# Unable to shift to large chainring - Red Crankset



## Mtn2RoadConvert (Aug 28, 2006)

I built up a Tarmac S-Works SL4 about two months ago with '11 RED black group. The build went together well and I have logged about 1,200 miles on the bike and groupo. I am running a compact crank along with a KMC X10SL chain. On the last two rides the front derailleur appeared to be functioning fine but was unable to shift from the little chainring to the large. When I got home and examined closer I notice the front derailleur sliding all the way over on top of the large chainring, but the chain doesn't shift up. Are there pins or ramps that are suppose to guide the chain up on the large chainring? Either they have been worn off or I have not adjusted the derailleur correctly. Any thoughts why it's not shifting properly?


----------



## paule11 (Jun 11, 2011)

http://www.youtube.com/watch?v=Fxu2vFFSz3Q
Try these instructions


----------



## Mtn2RoadConvert (Aug 28, 2006)

paule11 said:


> SRAM Red Derailleurs Installation and Adjustment - YouTube
> Try these instructions


Thanks for the link to the video, very cool. Unfortunately my Red groupo is 2011 and not 2012, but would like to get the new FD.


----------



## vagabondcyclist (Apr 2, 2011)

Try:
http://www.sram.com/sites/default/files/techdocs/95-7915-010-000%20Rev%20B%20-%20Road%20Derailleurs_6.pdf


----------



## redondoaveb (Jan 16, 2011)

Have you tried removing the cable and moving the FD by hand and see if it shifts up?


----------



## paule11 (Jun 11, 2011)

Mtn2RoadConvert said:


> Thanks for the link to the video, very cool. Unfortunately my Red groupo is 2011 and not 2012, but would like to get the new FD.

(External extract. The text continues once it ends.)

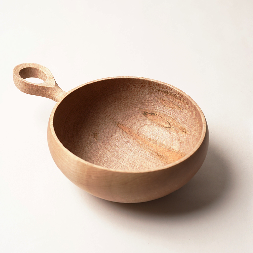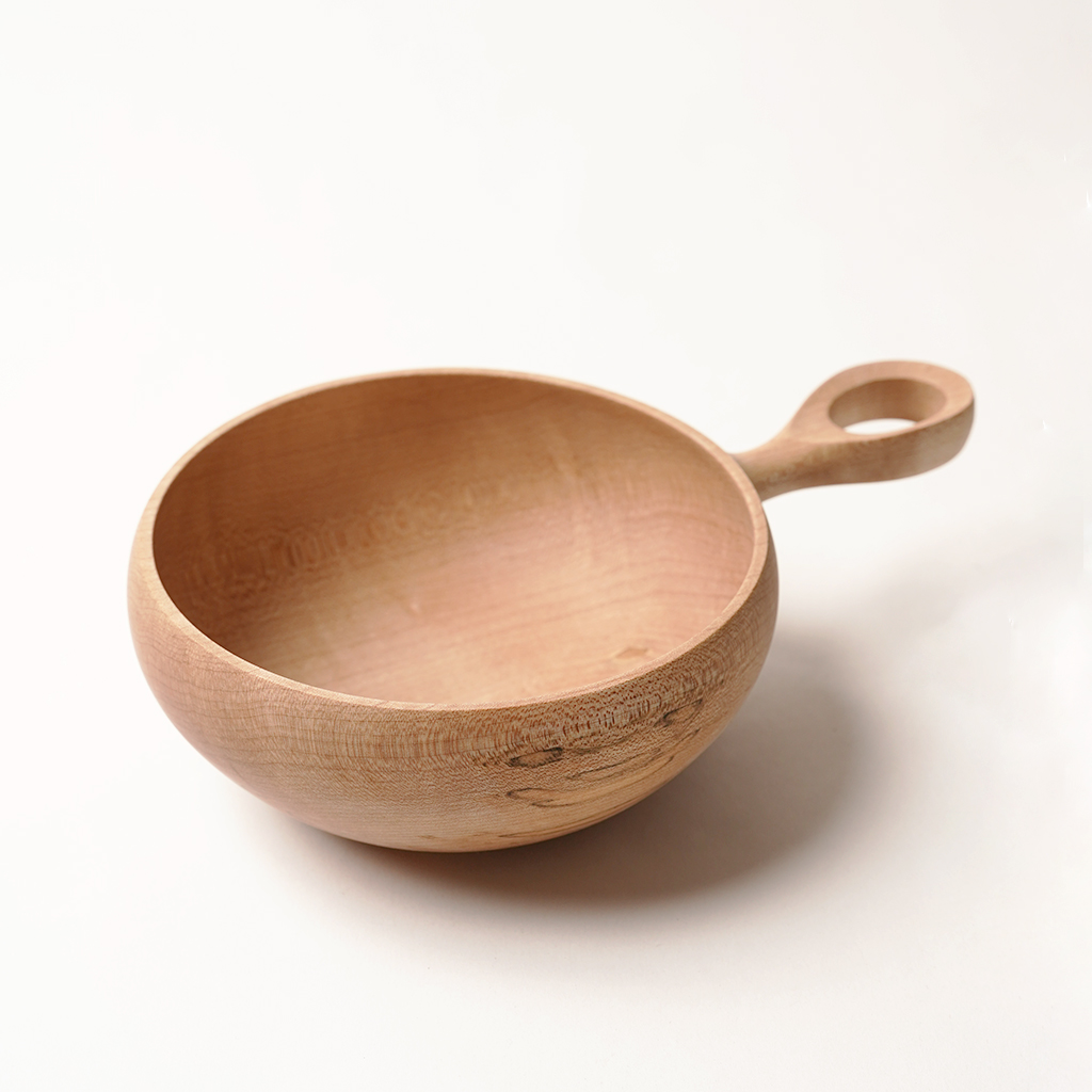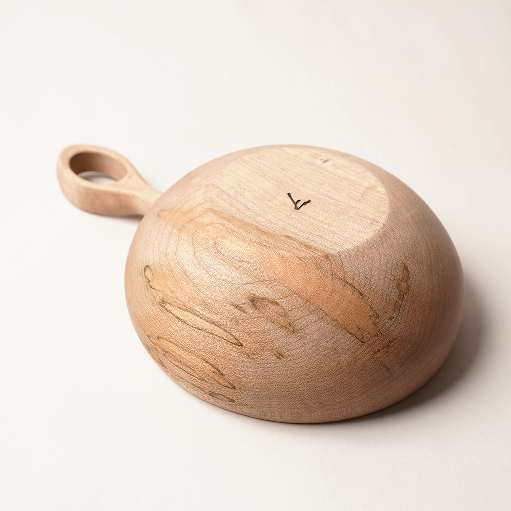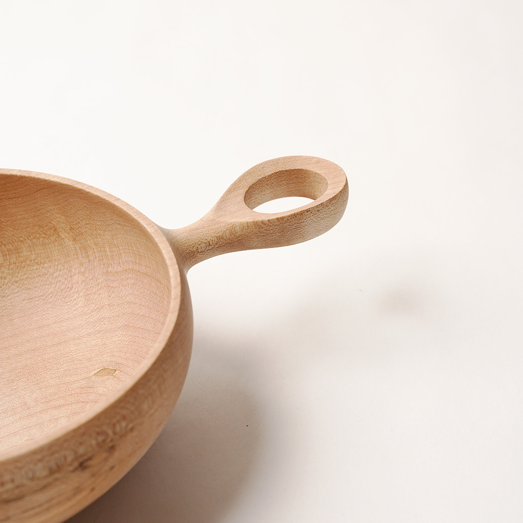 立山連峰を望む富山の地で、自分の愛する登山と料理のための木の器などを製作する木工作家、中西健太氏による【foot of the mountain】 ザックに掛けて外でも楽しめる器でありながら、暮らしにも馴染むものを手掛けています。 Nicetime Mountain Galleryからのリクエストによるシンプルなハンドルで仕上げられたボウル。 ひとかたまりの木材から削り出して、ハンドメイドで一点一点丁寧に作られています。これだけ厚みのあるかたまりを手に入れることもなかなか難しいサイズ。非常に贅沢な作りです。 非常に硬く、強度があり、緻密で滑らかな木肌の楓材で作られた作品。 Lサイズは幅広い食事に使いやすい大きさです。取り皿としても。 天然の木目を活かした存在感は、乾き物のおつまみなどもこれに入れるだけで特別な一皿になってくれます。 S、M、Lサイズは綺麗に重ねて収納できます。 一点一点丁寧に作られた、佇まいも美しい器です。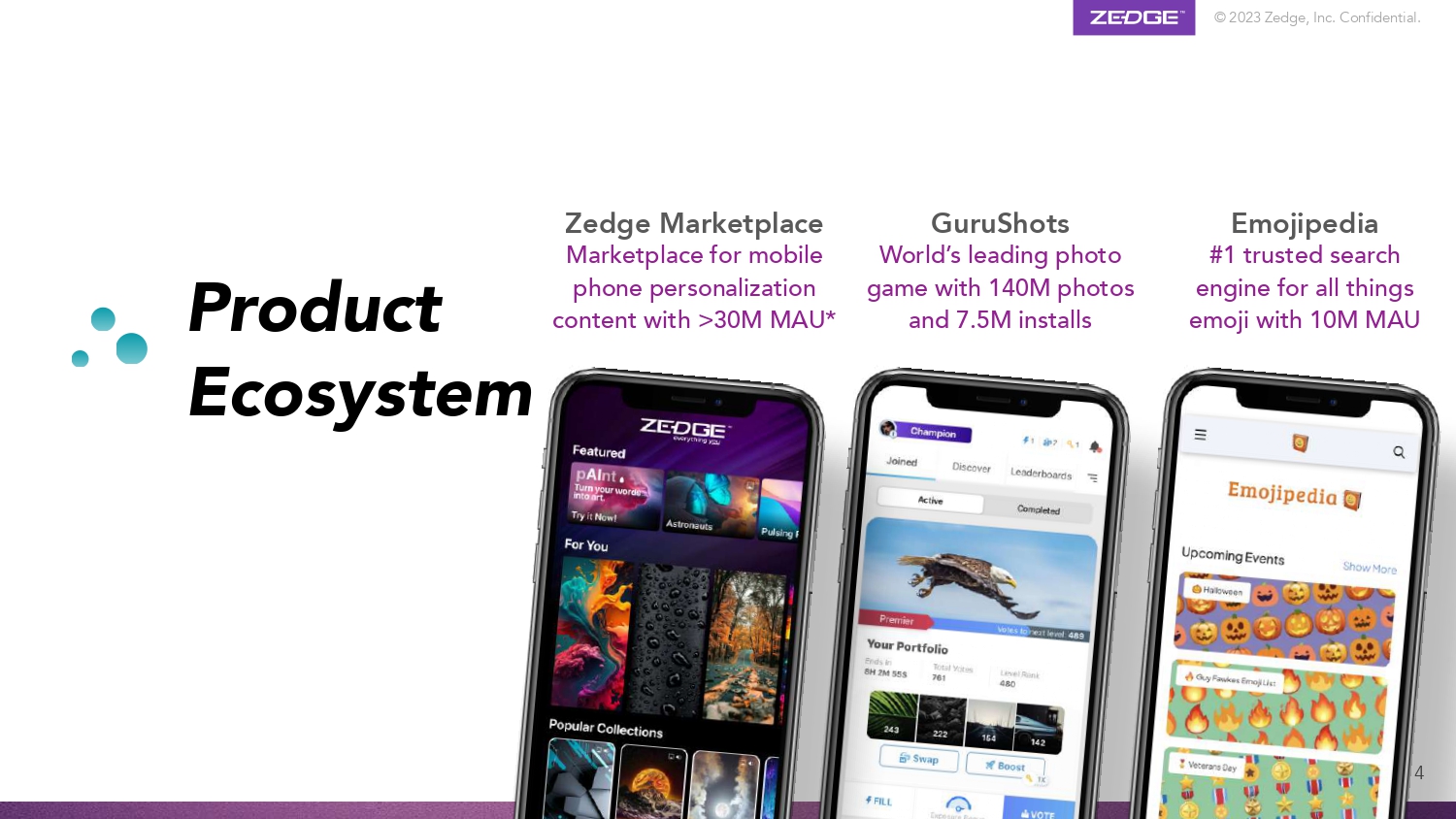 © 2023 Zedge, Inc. Confidential. Product Ecosystem GuruShots World’s leading photo game with 140M photos and 7.5M installs 4 Zedge Marketplace Marketplace for mobile phone personalization content with >30M MAU* Emojipedia #1 trusted search engine for all things emoji with 10M MAU

http://www.youtube.com/watch?v=38vd...AvjVQa1PpcFMffZFYUW6drtGhvURWm4G_C1O6DqeYtBE=
This may be nore suited I used it on mine 2010 rival and force


----------



## Mtn2RoadConvert (Aug 28, 2006)

redondoaveb said:


> Have you tried removing the cable and moving the FD by hand and see if it shifts up?


I have not played with the FD limit screws and have manually tried getting the chain into the large chainring without success. It really does seem like the ramps/pins on the large chairing are missing. Trying to find a pic or diagram of a large chainring so can see if the pins/ramp have been worn off.


----------



## redondoaveb (Jan 16, 2011)

Mtn2RoadConvert said:


> I have not played with the FD limit screws and have manually tried getting the chain into the large chainring without success. It really does seem like the ramps/pins on the large chairing are missing. Trying to find a pic or diagram of a large chainring so can see if the pins/ramp have been worn off.

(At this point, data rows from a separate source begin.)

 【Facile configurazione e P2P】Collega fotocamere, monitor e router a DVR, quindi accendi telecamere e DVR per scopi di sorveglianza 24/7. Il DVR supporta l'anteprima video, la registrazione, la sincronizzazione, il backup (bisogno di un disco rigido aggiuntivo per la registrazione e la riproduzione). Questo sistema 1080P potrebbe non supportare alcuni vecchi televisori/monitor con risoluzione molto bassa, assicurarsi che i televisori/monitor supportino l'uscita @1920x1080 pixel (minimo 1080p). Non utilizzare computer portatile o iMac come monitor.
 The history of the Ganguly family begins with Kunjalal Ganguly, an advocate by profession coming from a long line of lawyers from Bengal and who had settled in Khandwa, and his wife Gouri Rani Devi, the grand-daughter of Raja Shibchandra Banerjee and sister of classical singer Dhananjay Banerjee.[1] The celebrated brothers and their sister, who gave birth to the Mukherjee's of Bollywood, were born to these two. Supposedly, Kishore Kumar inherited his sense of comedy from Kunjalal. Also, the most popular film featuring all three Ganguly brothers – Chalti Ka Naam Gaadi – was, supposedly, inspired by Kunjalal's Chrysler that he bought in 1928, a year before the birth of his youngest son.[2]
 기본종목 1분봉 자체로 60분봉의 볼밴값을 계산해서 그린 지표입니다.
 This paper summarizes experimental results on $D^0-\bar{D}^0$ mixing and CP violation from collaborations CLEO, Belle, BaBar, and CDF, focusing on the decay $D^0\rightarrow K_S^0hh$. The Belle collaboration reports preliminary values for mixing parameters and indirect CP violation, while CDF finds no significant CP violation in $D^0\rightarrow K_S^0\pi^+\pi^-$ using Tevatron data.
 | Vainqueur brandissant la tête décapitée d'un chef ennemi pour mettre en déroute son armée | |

Here's a pic of Red Black compact rings. Let me know if you need other angles.


----------



## tribe (Apr 4, 2012)

Hi guys,

I installed 2011 RED group (black edition) on a 2004 Kestrel Evoke and could not get the FD to shift to the large chainring correctly no mater what I did to it... Doing some google I read that the 2011 FD kind of sucks so I ordered a 2012 RED FD and get pretty much the same thing. It shifts perfect on the work stand but it doesn't under any kind of load. I get it to shift OK if I don't put any pressure on the cranks while shifting, and that's how I'm riding it at the moment.

Could it be possible that my frame is too old for these new groups?... The Ultegra I took off used to shift perfect.


----------



## IndyFabCJ (Apr 1, 2006)

I had the same problem with 2011 Force. I replaced the FD with a 6700 Ultegra. It is AMAZING how much better it shifts...or rather...that it works as it should. A LOT of folks have had this issue. You are not alone.


----------



## marathon marke (Nov 14, 2011)

I have a 2011 Red/Black FD. It shifts great on my BMC, even under load. I wonder if part of the problem some people have with this particular FD might come from FD mounts that aren't particularly stiff themselves.


----------



## IndyFabCJ (Apr 1, 2006)

That could be an explanation if Ultegra didn't work every time.


----------